Ruby Impressions

Sun Jan 13 00:11:39 EST 2002

Adam Spitz:
>When I look at a piece of code like this...
>
>class Person
>  def initialize(name, age, gender)
>    @name, @age, @gender = name, age, gender
>  end
>end
>
>...my brain parses it, thinks, "Oh, it's just initializing some
>attributes," and then thinks of the whole chunk as one "unit".

Sure, and my brain sees the same in

class Person:
  def __init__(self, name, age, gender):
    self.name, self.age, self.gender = name, age, gender

or (more commonly written as)

class Person:
  def __init__(self, name, age, gender):
    self.name = name
    self.age = name
    self.gender = gender

and in similar constructs in C++ and Perl and ...

>Call it
>an idiom, or a pattern, or whatever you want - point is, I see the
>whole initialize() method as one thing, and I want to give a name to
>that thing.

For clarity, this doesn't handle keyword arguments.  Support for those
is possible, but a bit tedious and error prone to write on the fly:

class SpitzInitialize:
  def __init__(self, *args):
    if len(args) != len(self._allowed_spitz_names):
      raise TypeError("Expecting %d values, got %d" %
                      (len(self._allowed_spitz_names), len(args)))
    for k, v in zip(self._allowed_spitz_names, args):
        setattr(self, k, v)
    self.initialize()
  def initialize(self):
    pass

This can be used in your code as a mixin, where inheritence is used for
code reuse.

class Person(SpitzInitialize):
  self._allowed_spitz_names = ["name", "age", "gender"]
  def initialize(self):
    ...

Another way is to produce the __init__ function you want, like this

from __future__ import nested_scopes  # needs Python 2.2

def init_attributes(*argnames):
  def __init__(self, *args):
    if len(args) != len(argnames):
      raise TypeError("Expecting %d values, got %d" %
                      (len(argnames), len(args)))
    for k, v in zip(argnames, args):
      setattr(self, k, v)
    if hasattr(self, "initialize"):
      self.initialize()
  return __init__

class Person:
  __init__ = init_attributes("name", "age", "gender")

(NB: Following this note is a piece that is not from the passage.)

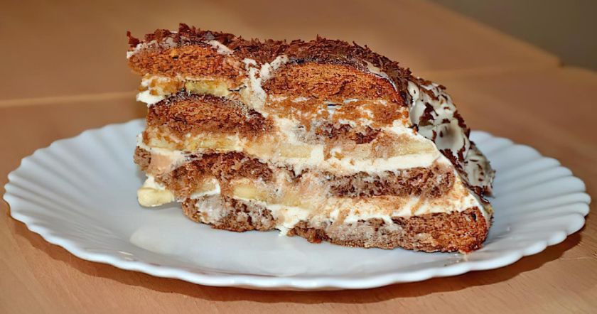 - На пряники кладем кружочки бананов. Повторяем эту схему, формируя торт в виде горки.

This actually works.  Here's a test case.

>>> person = Person("Andrew", "31", "male")
>>> person.name
'Andrew'
>>> person.age
'31'
>>> person.gender
'male'
>>>

You could also parameterize the init_attributes function to call any
function you may want, instead of 'initialize'.

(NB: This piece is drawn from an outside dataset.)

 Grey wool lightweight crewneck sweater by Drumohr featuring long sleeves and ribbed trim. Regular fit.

A problem with this approach is the lack of support for inheritance.
Neither support the ability to pass terms higher up the inheritance
tree.  I looked at your Wiki page, and the same seems to hold true
with your Ruby examples.

Another problem is that these are *non*standard*, which means
they are harder to understand, harder to debug, and harder to maintain.

Another problem is that once you start this route you also start wanting
variations.  Keyword parameters.  Optional parameters.  Default values.
Range checking to a list of restricted values.  And more.

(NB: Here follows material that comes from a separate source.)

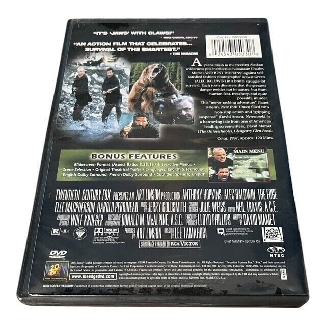The Edge DVD 1997 Anthony Hopkins Alec Baldwin Survival Thriller Movie
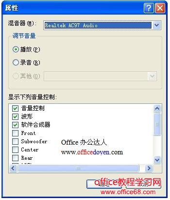 如果对话框中没有这两个选项,请点击“选项”菜单——选择“属性”——在“显示下列音量控制”中选中“音量控制”和“波形”两项,再进行正确设定。

There is not nor can there be consensus on the best way to support
all of these.  Your simple case, where the initialization function
only sets the attributes, isn't common enough in my experience to
warrant special casing that need at the expense of extra language
complexity.

And it's so easy to write this code that if you really need it for
your code you can easily add it... but other aspects of your code
is likely to suffer.

>So I create
>a method called init_attributes (which I'm not going to show here,
>because it's kinda hairy, but you can find it on that Wiki page I
>mentioned), and from that point on I can express the "Oh, it's just
>initializing some attributes" concept directly in my code:

As far as I can tell, it dynamically calling the Ruby compiler on
the fly.  That seems horrendously complicated to me.  Doesn't the
code I show above do essentially the right thing you want?

> The point is that it expresses my intention directly, and
>contains less duplication. This makes my code *easier* to read, as
>long as the reader knows what the init_attributes() subroutine does.

Bingo!  And the reader won't know what it means without digging
through the rest of the system.  And that poor soul won't know what

  init_attributes( "name" = (None, ["Andrew", "Brandy", "Cindy", "Dylan"],
None),
                   "age" = (18, None, None),
                   "gender" = (None, ["male", "female"], \
                                   "Sorry, we're a bit old-fashioned
here") )
says that:
  "name" can take one of four possible values
  "age" can take any value, with a default value of 18
  "gender" can take only two values, and if those values aren't used then
the
      error message for the TypeError exception is as given

>Maybe now you're going to argue that we should never create any
>subroutines, because they force readers to go to the extra trouble of
>looking up what they do. I won't have an answer to that.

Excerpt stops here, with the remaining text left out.